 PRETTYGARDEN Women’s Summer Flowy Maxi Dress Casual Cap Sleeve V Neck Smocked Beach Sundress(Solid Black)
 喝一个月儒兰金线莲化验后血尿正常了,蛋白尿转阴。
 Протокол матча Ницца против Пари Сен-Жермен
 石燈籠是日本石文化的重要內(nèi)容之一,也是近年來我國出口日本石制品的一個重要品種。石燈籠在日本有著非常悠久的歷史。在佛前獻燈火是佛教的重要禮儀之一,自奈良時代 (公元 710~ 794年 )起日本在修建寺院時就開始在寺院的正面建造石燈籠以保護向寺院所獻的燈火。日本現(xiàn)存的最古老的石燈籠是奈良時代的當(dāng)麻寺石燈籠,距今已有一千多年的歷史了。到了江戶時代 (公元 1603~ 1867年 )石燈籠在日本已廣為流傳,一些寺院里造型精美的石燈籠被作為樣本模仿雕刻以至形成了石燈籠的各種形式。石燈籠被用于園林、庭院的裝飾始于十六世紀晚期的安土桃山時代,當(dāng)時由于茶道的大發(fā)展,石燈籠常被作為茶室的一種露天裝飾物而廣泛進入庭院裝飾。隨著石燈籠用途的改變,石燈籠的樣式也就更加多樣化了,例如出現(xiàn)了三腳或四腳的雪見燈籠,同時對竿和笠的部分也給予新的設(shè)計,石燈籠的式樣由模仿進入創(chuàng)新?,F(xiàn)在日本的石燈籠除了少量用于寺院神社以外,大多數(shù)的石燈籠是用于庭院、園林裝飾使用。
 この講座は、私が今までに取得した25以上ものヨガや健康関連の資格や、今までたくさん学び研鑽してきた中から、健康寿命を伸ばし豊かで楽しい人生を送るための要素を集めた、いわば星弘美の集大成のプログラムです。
****
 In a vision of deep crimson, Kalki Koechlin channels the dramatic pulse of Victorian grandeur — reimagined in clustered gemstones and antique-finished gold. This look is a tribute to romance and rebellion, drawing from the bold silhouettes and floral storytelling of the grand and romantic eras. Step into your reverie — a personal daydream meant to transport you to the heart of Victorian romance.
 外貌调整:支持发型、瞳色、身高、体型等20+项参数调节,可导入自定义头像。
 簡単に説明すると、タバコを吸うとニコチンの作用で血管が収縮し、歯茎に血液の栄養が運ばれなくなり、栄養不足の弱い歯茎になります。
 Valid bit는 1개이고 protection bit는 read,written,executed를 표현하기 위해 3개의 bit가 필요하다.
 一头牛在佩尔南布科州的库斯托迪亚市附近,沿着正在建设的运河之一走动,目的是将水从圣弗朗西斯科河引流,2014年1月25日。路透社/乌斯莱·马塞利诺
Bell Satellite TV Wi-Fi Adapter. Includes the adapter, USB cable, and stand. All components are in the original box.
****
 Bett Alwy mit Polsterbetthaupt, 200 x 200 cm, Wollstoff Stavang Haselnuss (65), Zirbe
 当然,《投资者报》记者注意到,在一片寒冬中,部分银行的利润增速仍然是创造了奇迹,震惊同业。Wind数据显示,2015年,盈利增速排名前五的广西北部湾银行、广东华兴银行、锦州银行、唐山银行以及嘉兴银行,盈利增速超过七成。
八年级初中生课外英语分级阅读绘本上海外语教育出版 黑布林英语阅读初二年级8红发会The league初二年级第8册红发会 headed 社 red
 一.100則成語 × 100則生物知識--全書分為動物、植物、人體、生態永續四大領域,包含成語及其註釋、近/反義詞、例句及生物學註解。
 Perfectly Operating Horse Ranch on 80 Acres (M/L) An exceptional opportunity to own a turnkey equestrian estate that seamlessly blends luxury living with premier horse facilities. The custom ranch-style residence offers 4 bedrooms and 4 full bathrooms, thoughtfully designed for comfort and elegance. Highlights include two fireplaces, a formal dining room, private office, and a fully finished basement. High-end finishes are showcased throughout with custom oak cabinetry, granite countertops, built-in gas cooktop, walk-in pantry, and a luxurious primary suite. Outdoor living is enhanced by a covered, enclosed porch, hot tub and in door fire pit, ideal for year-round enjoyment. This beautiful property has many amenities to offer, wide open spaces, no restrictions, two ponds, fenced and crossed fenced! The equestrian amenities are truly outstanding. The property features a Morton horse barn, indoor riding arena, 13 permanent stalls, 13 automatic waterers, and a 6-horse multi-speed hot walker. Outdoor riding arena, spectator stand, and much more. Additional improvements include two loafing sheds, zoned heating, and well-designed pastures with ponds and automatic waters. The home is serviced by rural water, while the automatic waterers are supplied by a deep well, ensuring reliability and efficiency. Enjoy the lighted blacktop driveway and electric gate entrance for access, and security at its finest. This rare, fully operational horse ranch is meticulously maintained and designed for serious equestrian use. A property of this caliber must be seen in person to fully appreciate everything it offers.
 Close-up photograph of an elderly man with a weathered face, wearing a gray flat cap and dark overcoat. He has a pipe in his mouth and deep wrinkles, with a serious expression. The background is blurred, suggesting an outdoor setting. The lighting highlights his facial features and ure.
****
■ Prompt
Among the entries above, locate the lines containing "PRETTYGARDEN Women’s Summer" and "この講座は、私が今までに取得", and transcribe exactly those two lines and all lines between.

■ Response below
 PRETTYGARDEN Women’s Summer Flowy Maxi Dress Casual Cap Sleeve V Neck Smocked Beach Sundress(Solid Black)
 喝一个月儒兰金线莲化验后血尿正常了,蛋白尿转阴。
 Протокол матча Ницца против Пари Сен-Жермен
 石燈籠是日本石文化的重要內(nèi)容之一,也是近年來我國出口日本石制品的一個重要品種。石燈籠在日本有著非常悠久的歷史。在佛前獻燈火是佛教的重要禮儀之一,自奈良時代 (公元 710~ 794年 )起日本在修建寺院時就開始在寺院的正面建造石燈籠以保護向寺院所獻的燈火。日本現(xiàn)存的最古老的石燈籠是奈良時代的當(dāng)麻寺石燈籠,距今已有一千多年的歷史了。到了江戶時代 (公元 1603~ 1867年 )石燈籠在日本已廣為流傳,一些寺院里造型精美的石燈籠被作為樣本模仿雕刻以至形成了石燈籠的各種形式。石燈籠被用于園林、庭院的裝飾始于十六世紀晚期的安土桃山時代,當(dāng)時由于茶道的大發(fā)展,石燈籠常被作為茶室的一種露天裝飾物而廣泛進入庭院裝飾。隨著石燈籠用途的改變,石燈籠的樣式也就更加多樣化了,例如出現(xiàn)了三腳或四腳的雪見燈籠,同時對竿和笠的部分也給予新的設(shè)計,石燈籠的式樣由模仿進入創(chuàng)新?,F(xiàn)在日本的石燈籠除了少量用于寺院神社以外,大多數(shù)的石燈籠是用于庭院、園林裝飾使用。
 この講座は、私が今までに取得した25以上ものヨガや健康関連の資格や、今までたくさん学び研鑽してきた中から、健康寿命を伸ばし豊かで楽しい人生を送るための要素を集めた、いわば星弘美の集大成のプログラムです。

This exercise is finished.